You may well be a wizard at DIY, in which case go for it, but I would be a bit careful as you might throw a lot of money away.


----------



## smiggy (17 June 2011)

have just had this coverted on a 2005 5t iveco chassis







took ages for the guy doing the conversion to find a good quality chassis as they are rarer than 3.5t
was much cheaper than equivalent from one of the big names, horses travel really well and a delight to drive
pm if you want costs/names 

PS he does other colours if more restrained


----------



## sprite1978 (17 June 2011)

You may find it difficult to find a builder who will spend the time looking for a 5t chassis when they can readily sell 3.5t vans. If he is willing, he will probably charge a premium for it. So finding your own might be a good option. Have you considered a short wheel base 7.5ton. The size difference is less than you might think.


----------



## Silent Knight (19 June 2011)

Well I've not been put off. Got quite excited when i saw your post Smiggy. Iv pmed you. If anyone has any tips or advise it will be greatfully recieved. xx


----------



## Sukistokes2 (19 June 2011)

A local guy who converts lorries and vans to carry horses quoted me around £7000 to do the whole job.
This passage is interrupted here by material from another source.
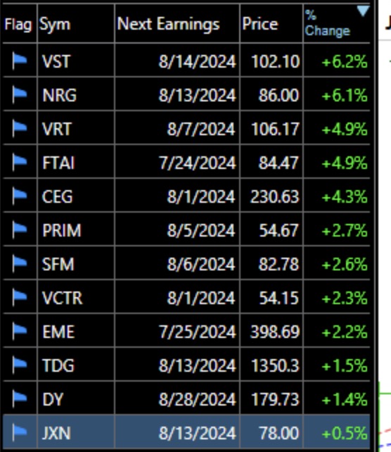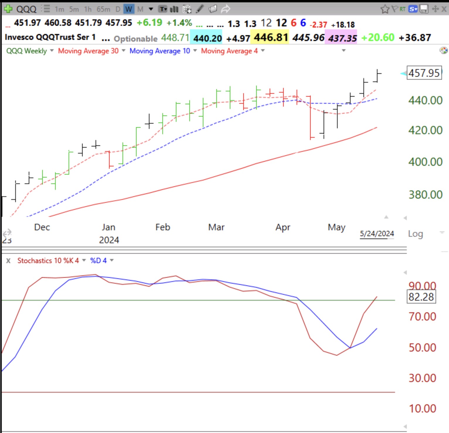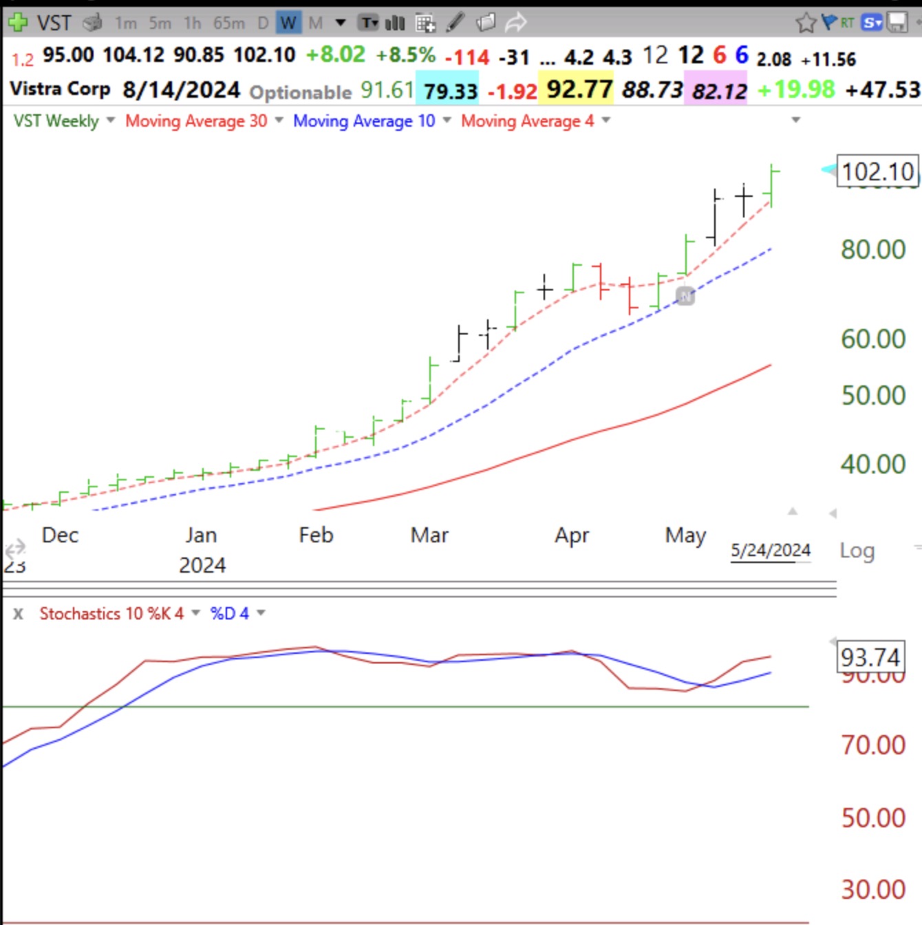 Hence my weekly green bar setup: The stock must have had its weekly 10.4  stochastic close above 80 for at least 5 weeks and the 4wk>10wk>30wk and the stock is at least up 50% from a year ago and reached a recent ATH and had a weekly green bar the most recent week. I sell if the stock closes the week below the 10 week average or the 4 week average is declining below the 10 week average. I also may sell if the stock trades below the low of the most recent green bar or the green bar at which I bought. I can put a sell stop in at that level if I bought after a green bar.

Done to your specs, your design i think it's a good deal, if you can find the right van or lorry.


----------



## Kokopelli (19 June 2011)

We're getting a van conversion done for £10,000. We're having a different layout done on the inside though compared to what is 'normal' so we'll see how it works.


----------



## Time Tells (19 June 2011)

murphysgirl said:



			I am wondering if it would be cheaper to find my own van / lorry and then have it converted. I want an aprox. 5 ton van So that it comfortably and legaly carries 2 x 16.hh.

Does anyone have any experiance of doing this, what did you pay, What van did you use? etc.

Any information would be great

Thanks
		
Click to expand...


Remember you have to take a test in order to beable to drive a 7.5 tonn lorry.
Whatever you go for, I would not have one where the horse rides over the anxle

I have just had a conversion, they did a great job, but you will be looking in excess of £4,000 from a reliable horse conversion company. I have the names of two if you would like to call them.  The floor is always an issue, so becareful if you are buying one already done. A friend of mine bought one which looked and appeared to be great, until 6 weeks after purchase she was travelling her £10.000 horse and his legs went throught the floor. He was injured physically, but that mended, his mental issue was more difficult to address and my friend has only just been able to get him to stand in the box.


----------